I have multiple 2d xarray.DataArray which do not (necessarily) share common coordinate values. Imagine these DataArray's having come from slicing out multiple (non-overlapping) bounding boxes in a larger gridded dataset.
I'd like to combine the arrays along a new axis fid (i.e. a string identifier for the bounding box used to slice each array) without the original 2d coordinates "expanding" and filling with nan.
e.g.
import xarray as xr
import numpy as np
# create some toy gridded data
nx = 9
ny = 9
data = np.random.randint(5, size=(nx, ny))
x_coord = np.linspace(0, 1, nx)
y_coord = np.linspace(0, 1, ny)
da = xr.DataArray(
data,
dims=("x_coord", "y_coord"),
coords={"x_coord": x_coord, "y_coord": y_coord}
)
# slice out two subsets of the gridded data
a = da.isel(x_coord=[1, 2, 3], y_coord=[2, 3, 4]).expand_dims(fid=["abc123"])
b = da.isel(x_coord=[6, 7, 8], y_coord=[5, 6, 7]).expand_dims(fid=["def456"])
>>> a
<xarray.DataArray (fid: 1, x_coord: 3, y_coord: 3)>
array([[[3, 4, 3],
[3, 1, 0],
[3, 2, 4]]])
Coordinates:
* fid (fid) object 'abc123'
* x_coord (x_coord) float64 0.125 0.25 0.375
* y_coord (y_coord) float64 0.25 0.375 0.5
>>> b
<xarray.DataArray (fid: 1, x_coord: 3, y_coord: 3)>
array([[[4, 3, 0],
[3, 2, 2],
[4, 2, 1]]])
Coordinates:
* fid (fid) object 'def456'
* x_coord (x_coord) float64 0.75 0.875 1.0
* y_coord (y_coord) float64 0.625 0.75 0.875
If I naively try and concatenate these along fid dimension, the x_coord and y_coord expand to encompass all coordinate values from both sources, resulting in a (1, 6, 6) shaped array that is filled with nan in most places:
>>> xr.concat([a, b], dim="fid")
<xarray.DataArray (fid: 2, x_coord: 6, y_coord: 6)>
array([[[ 3., 4., 3., nan, nan, nan],
[ 3., 1., 0., nan, nan, nan],
[ 3., 2., 4., nan, nan, nan],
[nan, nan, nan, nan, nan, nan],
[nan, nan, nan, nan, nan, nan],
[nan, nan, nan, nan, nan, nan]],
[[nan, nan, nan, nan, nan, nan],
[nan, nan, nan, nan, nan, nan],
[nan, nan, nan, nan, nan, nan],
[nan, nan, nan, 4., 3., 0.],
[nan, nan, nan, 3., 2., 2.],
[nan, nan, nan, 4., 2., 1.]]])
Coordinates:
* fid (fid) object 'abc123' 'def456'
* x_coord (x_coord) float64 0.125 0.25 0.375 0.75 0.875 1.0
* y_coord (y_coord) float64 0.25 0.375 0.5 0.625 0.75 0.875
I want the resulting array to remain (2, 3, 3) shaped.

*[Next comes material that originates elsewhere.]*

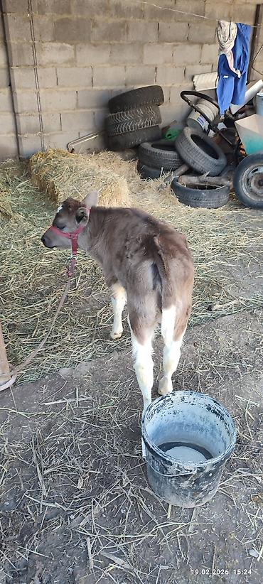 - Порода: помесный мясо-молочный тип (окрас коричневый, белые отметины на ногах и на лбу).

My idea is to pre-process each individual array to use a "local" coordinates system (xi, yi), e.g.
a_ = a.assign_coords(x_coord=a.x_coord-a.x_coord.min(), y_coord=a.y_coord-a.y_coord.min())
b_ = b.assign_coords(x_coord=b.x_coord-b.x_coord.min(), y_coord=b.y_coord-b.y_coord.min())
>>> xr.concat([a_, b_], dim="fid").rename(x_coord="xi", y_coord="yi")
<xarray.DataArray (fid: 2, xi: 3, yi: 3)>
array([[[3, 4, 3],
[3, 1, 0],
[3, 2, 4]],
[[4, 3, 0],
[3, 2, 2],
[4, 2, 1]]])
Coordinates:
* fid (fid) object 'abc123' 'def456'
* xi (xi) float64 0.0 0.125 0.25
* yi (yi) float64 0.0 0.125 0.25
... but I also want to keep the "original" coordinate system for each array. I imagine this will involve creating a multidimensional coordinate such that the resulting array has coordinates that go something like:
Coordinates:
* fid (fid) object
array(['abc123', 'def456'])
* xi (xi) float64
array([0.0, 0.125, 0.25])
* yi (yi) float64
array([0.0, 0.125, 0.25])
x_coord (fid, xi) float64
array([[0.125 0.25 0.375], [0.75 0.875 1.0]])
y_coord (fid, yi) float64
array([[0.25 0.375 0.5], [0.625 0.75 0.875]])
I'm just not quite sure of a neat way to go about doing this!